<<<<

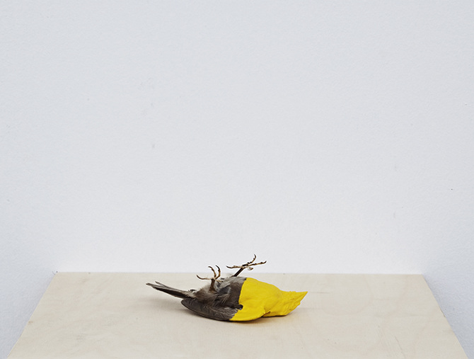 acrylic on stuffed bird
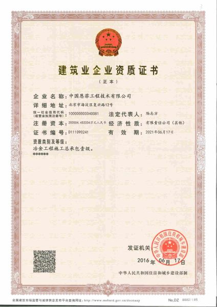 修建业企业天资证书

>>>>
<<<<

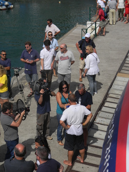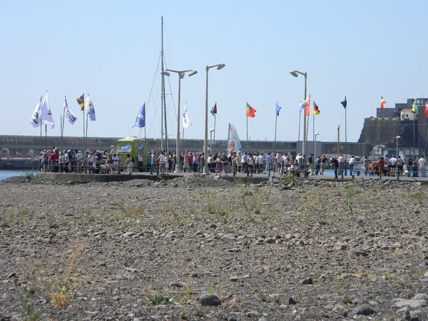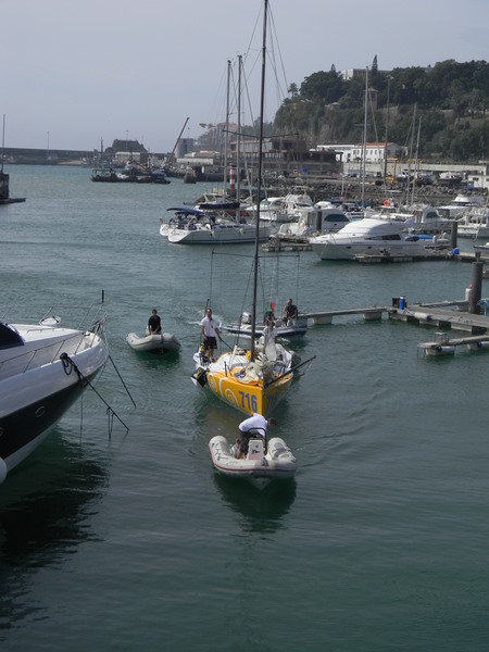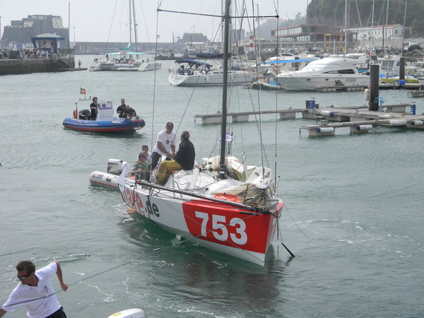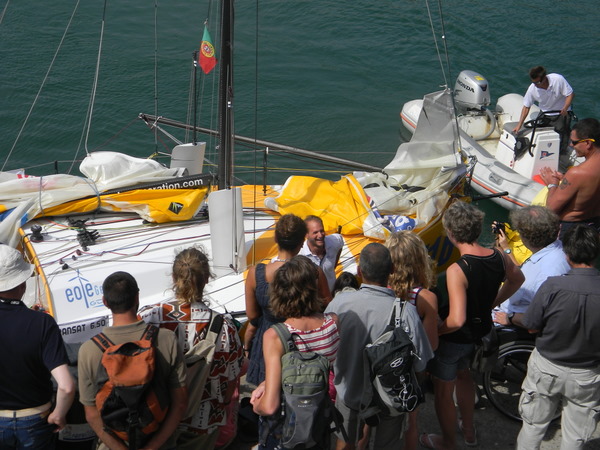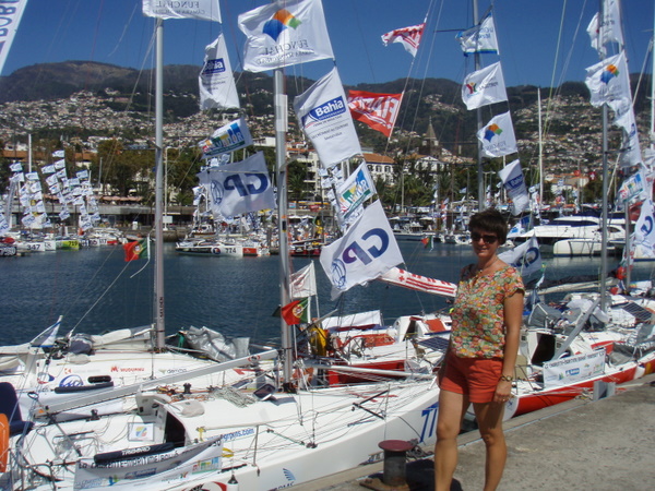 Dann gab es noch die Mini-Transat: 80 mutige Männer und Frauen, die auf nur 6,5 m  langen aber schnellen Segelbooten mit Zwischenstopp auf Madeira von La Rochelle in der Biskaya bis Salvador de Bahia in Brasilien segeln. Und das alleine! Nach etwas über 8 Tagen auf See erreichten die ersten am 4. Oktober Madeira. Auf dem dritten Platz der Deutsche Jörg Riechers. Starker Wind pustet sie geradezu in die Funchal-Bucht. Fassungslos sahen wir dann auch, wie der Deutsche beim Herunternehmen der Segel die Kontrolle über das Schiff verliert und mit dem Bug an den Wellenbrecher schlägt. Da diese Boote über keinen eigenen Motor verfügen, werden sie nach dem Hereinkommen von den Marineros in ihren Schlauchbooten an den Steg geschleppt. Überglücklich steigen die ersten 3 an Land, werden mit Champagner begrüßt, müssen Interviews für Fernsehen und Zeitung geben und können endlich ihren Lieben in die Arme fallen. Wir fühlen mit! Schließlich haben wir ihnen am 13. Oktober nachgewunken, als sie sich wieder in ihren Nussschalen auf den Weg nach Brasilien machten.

>>>>
<<<<

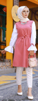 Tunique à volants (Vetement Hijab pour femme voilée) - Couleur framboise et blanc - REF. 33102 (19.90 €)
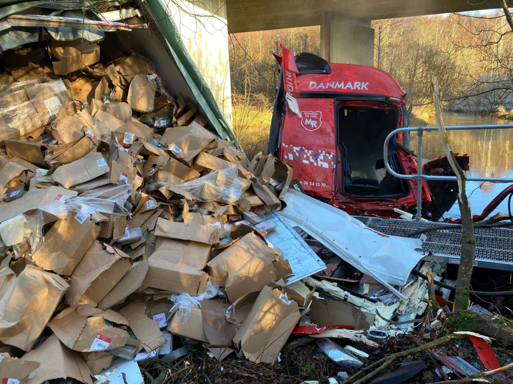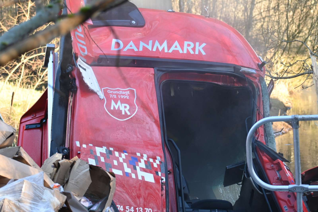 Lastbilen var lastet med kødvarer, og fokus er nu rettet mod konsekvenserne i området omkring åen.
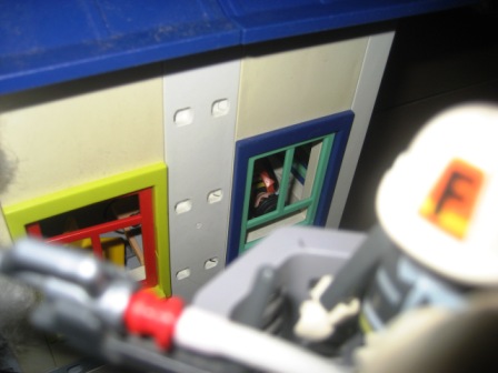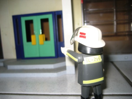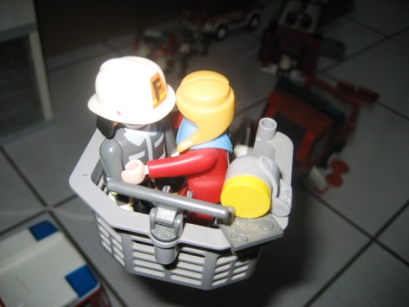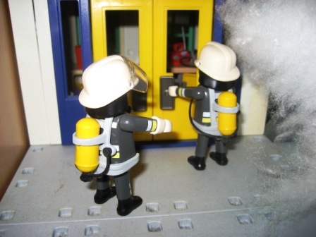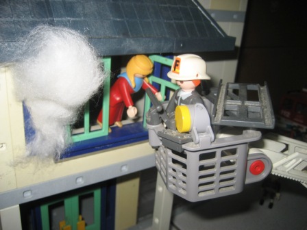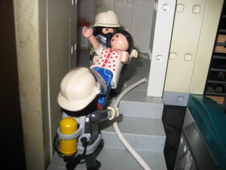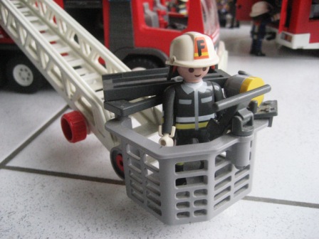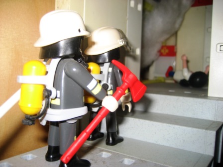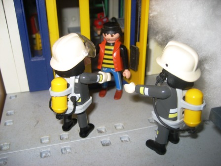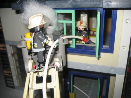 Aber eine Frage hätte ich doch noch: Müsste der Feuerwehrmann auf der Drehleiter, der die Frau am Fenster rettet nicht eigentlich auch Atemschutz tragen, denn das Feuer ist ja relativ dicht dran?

>>>>

ASSIGNED TASK → What do the entries above read from the line containing "Tunique à volants" through the line containing "Lastbilen var lastet"? Output those lines exactly, both ends included, with the pictures left out.

WRITTEN RESPONSE →
 Tunique à volants (Vetement Hijab pour femme voilée) - Couleur framboise et blanc - REF. 33102 (19.90 €)
 Lastbilen var lastet med kødvarer, og fokus er nu rettet mod konsekvenserne i området omkring åen.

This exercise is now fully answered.